The new offering is designed to let businesses manage fiat and cryptocurrency banking from a “single, nationally chartered bank,” the financial services company said in a new release provided to PYMNTS Thursday (April 2).
The company says the launch builds on SoFi’s ongoing integration of blockchain. In the past year, it has begun allowing members to buy, sell and hold crypto, launched its own stablecoin and built the infrastructure to merge traditional and on-chain finance.
Big Business Banking, the company said, combines all of these efforts, letting any company operating across both traditional and digital finance to hold deposits, move funds and settle transactions around the block on SoFi’s banking platform.
“To be competitive businesses today must operate in a global, always-on environment 24 hours a day, 7 days a week, while legacy banks typically still operate 9 to 5, Monday to Friday,” said Anthony Noto, SoFi’s chief executive.

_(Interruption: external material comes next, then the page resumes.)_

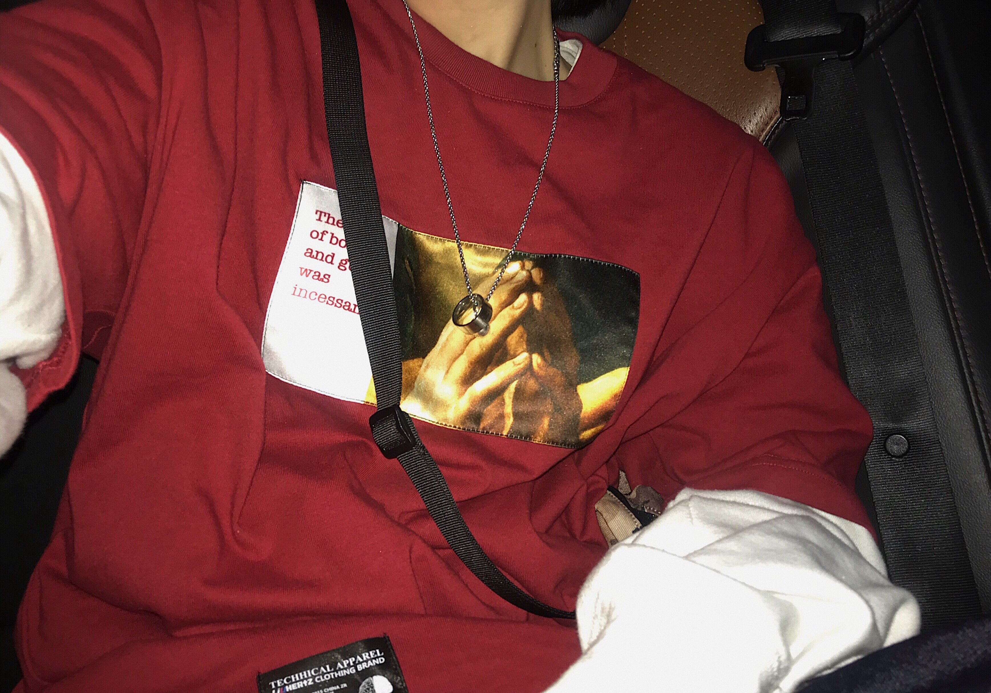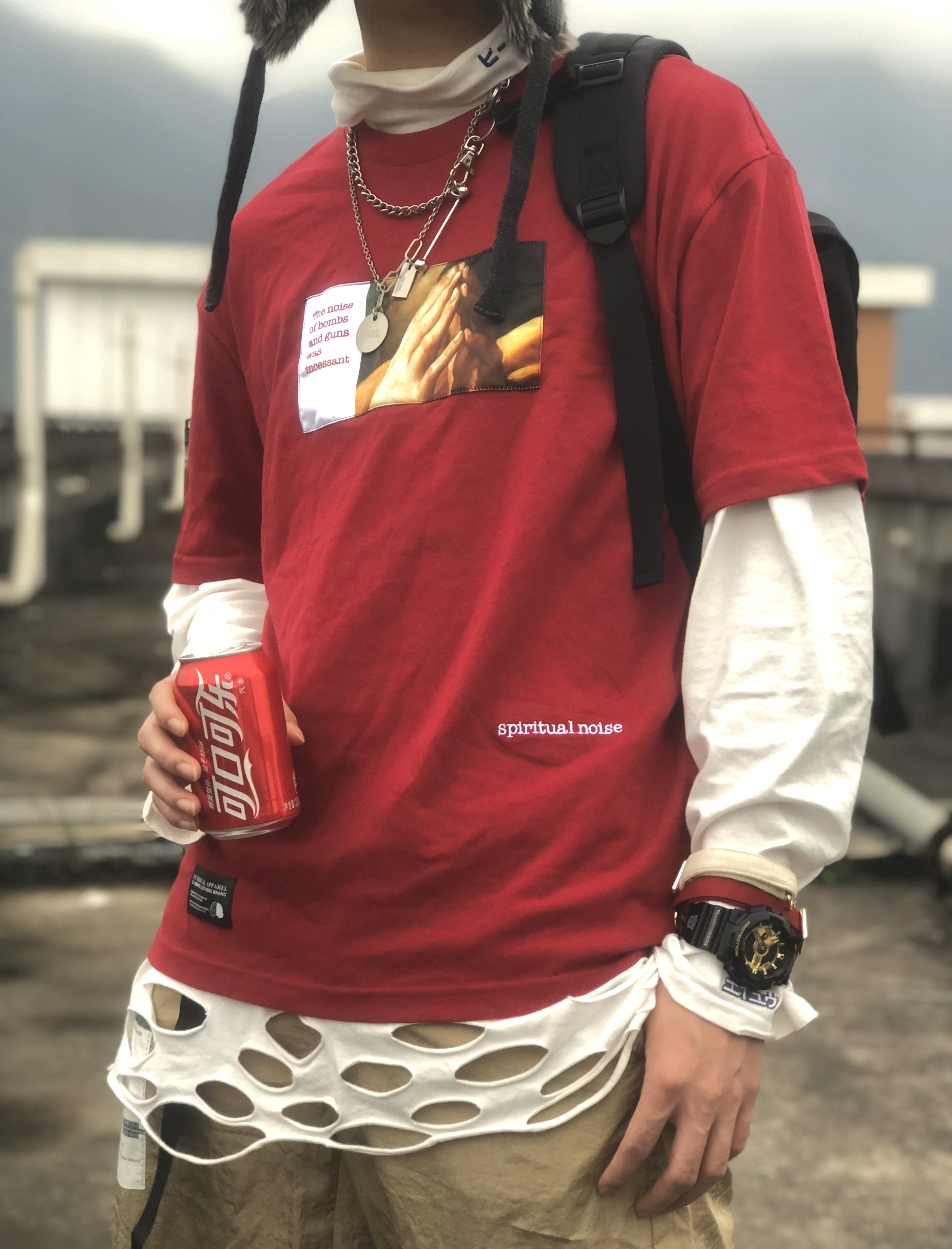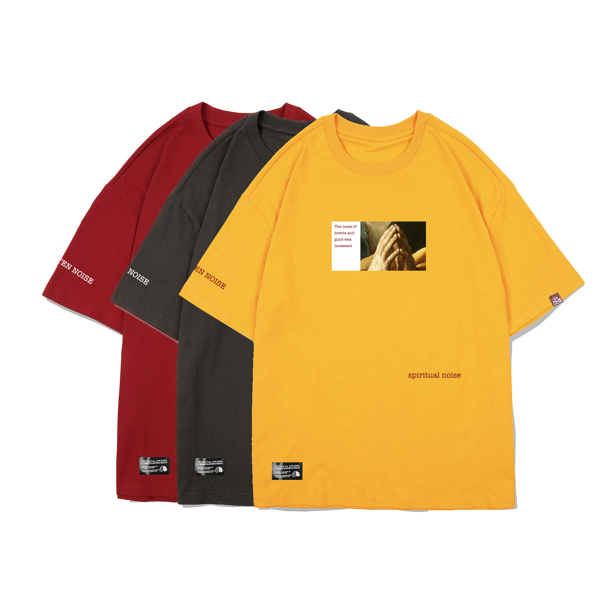 OG tide shop LIUHERTZ religious prayer patch embroidery loose cotton tide brand five-point sleeve T-shirt personality short sleeve

“SoFi Big Business Banking is changing that by combining the strength and regulatory foundation of a nationally chartered bank with the speed, scale, and flexibility companies need to move and manage money or digital assets in real time.”
During an earnings call in January, SoFi traced crypto’s evolution from “experiment to operating segment” within the company, as PYMNTS wrote.

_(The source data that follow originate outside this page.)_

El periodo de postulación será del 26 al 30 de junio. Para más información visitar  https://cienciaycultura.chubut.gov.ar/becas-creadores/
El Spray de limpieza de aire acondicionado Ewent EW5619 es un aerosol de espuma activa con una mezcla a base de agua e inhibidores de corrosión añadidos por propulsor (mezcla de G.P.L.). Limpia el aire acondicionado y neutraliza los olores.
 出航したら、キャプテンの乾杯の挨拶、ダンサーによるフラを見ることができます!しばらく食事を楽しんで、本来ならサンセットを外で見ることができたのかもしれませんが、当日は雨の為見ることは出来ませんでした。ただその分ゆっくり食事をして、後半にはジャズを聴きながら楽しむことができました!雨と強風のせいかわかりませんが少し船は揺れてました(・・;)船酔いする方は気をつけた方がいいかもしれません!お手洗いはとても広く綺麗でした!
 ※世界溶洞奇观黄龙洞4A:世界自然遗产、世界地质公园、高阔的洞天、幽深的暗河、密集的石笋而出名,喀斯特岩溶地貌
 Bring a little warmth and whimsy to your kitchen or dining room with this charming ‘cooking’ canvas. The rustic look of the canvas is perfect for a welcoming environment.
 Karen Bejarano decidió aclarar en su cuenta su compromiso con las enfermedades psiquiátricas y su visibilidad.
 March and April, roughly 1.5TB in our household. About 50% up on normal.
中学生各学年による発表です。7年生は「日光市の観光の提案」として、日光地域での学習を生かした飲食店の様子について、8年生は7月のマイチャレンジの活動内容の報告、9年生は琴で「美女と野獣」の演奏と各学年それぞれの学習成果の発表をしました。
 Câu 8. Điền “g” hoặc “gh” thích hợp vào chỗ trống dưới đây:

After regulators clarified that national banks could support crypto activity, SoFi launched international payments via SoFi Pay, resumed consumer crypto trading and launched SoFiUSD.
Noto said the company became “the first national bank to issue a stablecoin on a public permissionless blockchain,” adding that SoFi USD is backed one-for-one with cash held in its Federal Reserve master account.
He described the initiative as placing SoFi “at the center of the crypto ecosystem,” with the goal of extending those services to institutional trading, correspondent payments and settlement.
Meanwhile, recent PYMNTS Intelligence research shows that businesses — especially small and medium-sized businesses (SMBs) — are increasingly turning to digital payment methods.
“Ready for Change: Why Nearly Half of SMBs Want to Ditch Cash and Checks,” a collaboration between PYMNTS Intelligence and Mastercard, shows that “legacy” payment habits often reflect workflow realities instead of a refusal to adopt digital tools.
“In other words, there is real room for progress because the barriers are solvable,” PYMNTS wrote. “When payment providers design around how SMBs actually operate—approvals, invoicing rhythms, liquidity needs, and risk concerns—adoption can accelerate in a way that feels like an upgrade, not a disruption.”